When you reach the line that contains "Mexen Andres évier", begin copying exactly, and continue through the last line of the data; no pictures belong in the copy.

* STORED DATA *
┄┄┄┄┄┄┄┄┄┄

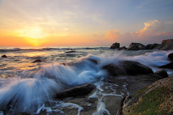 Escucho el romper de las olas en las rocas, y vuelvo a cerrar los ojos para sentir otra vez ese olor y recibir en mi rostro la gran cantidad de pequeñas gotitas de agua y espuma salpicada, movidas por el viento. Veo los picos de espuma blanca de las olas y puedo casi hacer real aquella situación que tantas veces se dió en mi infancia: A un lado mi padre con su caña, yo con la mía y mi hermano pequeño con la suya. Eran cañas naturales en varias piezas y que había que montar para poder usar, con sedal, anzuelo y un corcho pintado de rojo en su mitad superior. También puedo recordar los cebos, unas lombrices de tierra metidas en serrín y que vendían en unas pequeñas cajas cuadradas. Recuerdo lanzar mi caña con el anzuelo y esperar ... Notar en la caña los pequeños tirones de los peces mordiendo el cebo, hasta que por fín, en uno de esos tirones, veía doblarse casi en forma de herradura el extremo de la caña y hundirse aquel corcho rojo durante 3-4 segundos ¡¡era el momento de tirar!! Hacerlo con fuerza y ver salir el pez con el anzuelo mordido. Cada vez que cogíamos uno, lo lanzábamos a un hueco grande socavado en la roca donde nos encontrábamos, y que estaba lleno de agua de mar de la marea de la noche anterior. Ahí, en ese diminuto "mar", es donde pescaba mi hermano pequeño con su minúscula caña ... No puedo evitar sonreir recordando aquello, y cómo mi hermano decía ¡pican, pican! mientras ponía su anzuelo con cebo en aquel gran charco salado e intentaba pescar de nuestra pesca ...
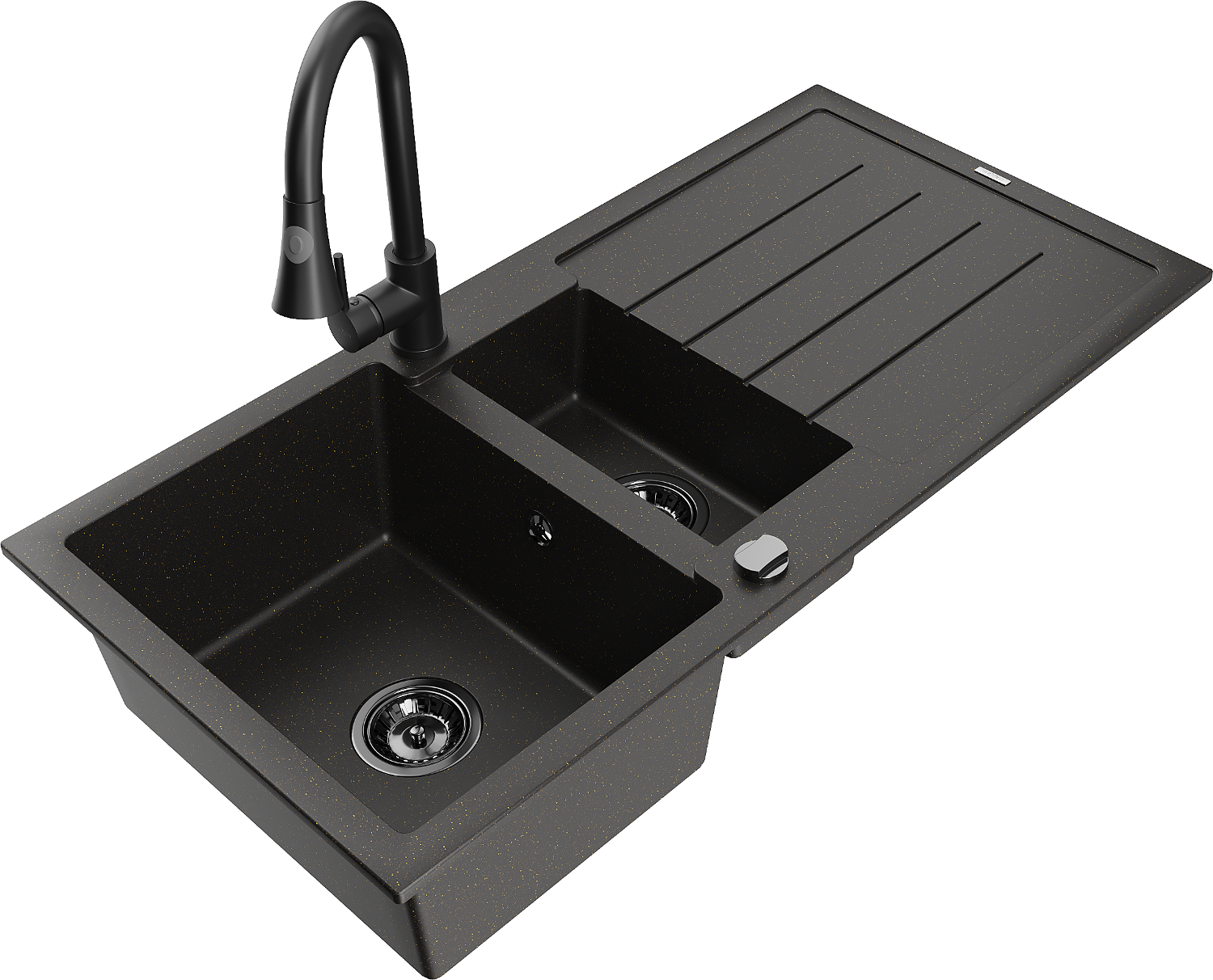 Mexen Andres évier en granit 1,5 bac avec égouttoir et robinet de cuisine Elia, noir/métallique doré - 6515-75-670101-70-B
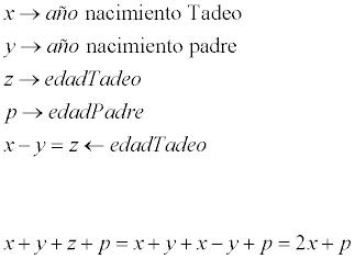Tadeo y su papá nacieron en el mes de septiembre, Tadeo escribió el año en el que nació el y el año en el que nació su papá, después escribió su edad y la edad de su papá si al final suma los cuatro números que escribió , ¿Cual fue el resultado de la suma de Tadeo?

┄┄┄┄┄┄┄┄┄┄

* THE ANSWER *
 Mexen Andres évier en granit 1,5 bac avec égouttoir et robinet de cuisine Elia, noir/métallique doré - 6515-75-670101-70-B
Tadeo y su papá nacieron en el mes de septiembre, Tadeo escribió el año en el que nació el y el año en el que nació su papá, después escribió su edad y la edad de su papá si al final suma los cuatro números que escribió , ¿Cual fue el resultado de la suma de Tadeo?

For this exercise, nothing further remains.